On issue of whether the respondent should have pleaded the legal effect of the notice of the breach as a fact before it is tendered. This is a clear misconception of the modern rule on pleadings. The strict rigid old legal terminology of pleading have since changed in line with new procedures. The pleader is not bound to sate the legal result of a document pleaded or fact pleaded. See Supreme Court decision in Ezewani v Onwordi (1986) 4 NWLR Pt. 33 SC. 27. Any attempt to so state legal effect will amount to argument in pleading. Any legal consequence which the facts admit should be reserved for argument in brief. See Re Vandervells’ Trust 1974 3 NWLR per Lord Denning at page 264.
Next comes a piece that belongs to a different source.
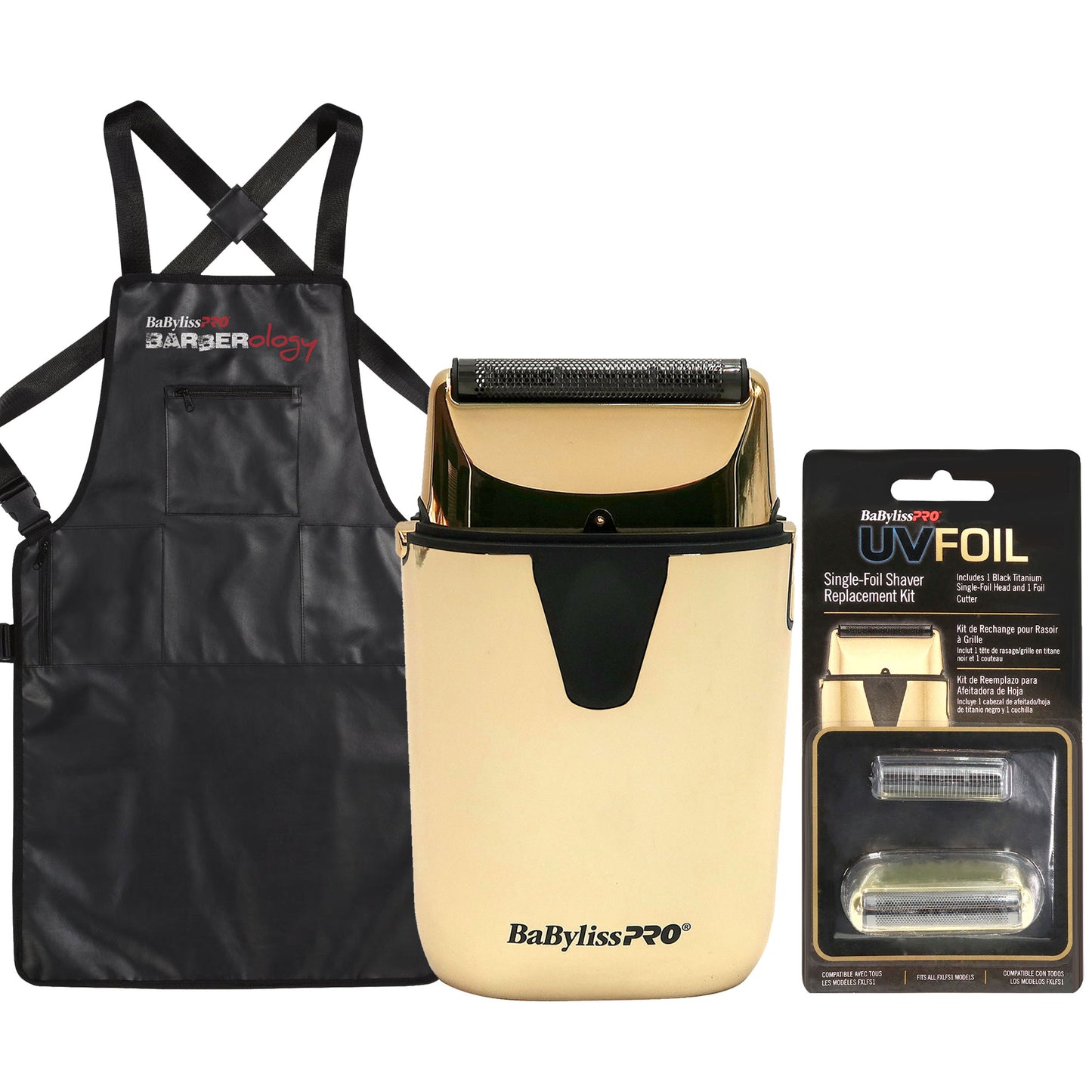 BABYLISS PRO UVFOIL UV-DISINFECTING METAL SINGLE FOIL SHAVER - GOLD #FXLFS1G + BABYLISS PRO UVFOIL SINGLE-FOIL SHAVER REPLACEMENT KIT [SINGLE-FOIL & CUTTERS] - GOLD #FXLRF1G + BABYLISS PRO BARBEROLOGY INDUSTRIAL BARBER APRON

Mr. Anaenugwu urged the Court to invoke Section 149 (d) of the Evidence Act in view of the failure of the plaintiff/respondent to call Mr. Alade Akinsode or whoever effected service of Exhibit E to testify as to mode to service. The appellant in their amended statement of defence on paragraph 4 pleaded a general traverse and in paragraph 5 tried to respond to paragraph 9 by pleading that based on the agreement between plaintiff and defendant they submitted a building plan. This response is not a denial of the existence of the notice of breach, Exhibit E. The general traverse in paragraph 4 is equally not of value in particular when DW1 in evidence admitted service of notice of intention after the denial in the pleading. The learned trial judge rightly held that Exhibit E and G were served on the appellant. This issue fails.
There is no ground of this appeal complaining against the decision of the Court of Appeal that the appellant is estopped from contending that the notice of breach of covenant was not pleaded as it was tendered and admitted in evidence as Exhibit E without its objection to its admissibility. By not appealing against this decision, the appellant accepted it as correct, conclusive and binding upon it. Having accepted the decision as correct, conclusive and binding upon it, it cannot validly argue in this appeal that Exhibit E was not pleaded or sufficiently pleaded. It is trite law that in an appeal against a judgment, a party who did not appeal against a finding, holding or decision, accepts it as correct, conclusive and binding and cannot argue against it. See IYOHO V EFFIONG (2007) 4 SC (PT. 11) 90 and DABUP V KOLO (1993) 12 SCNJ.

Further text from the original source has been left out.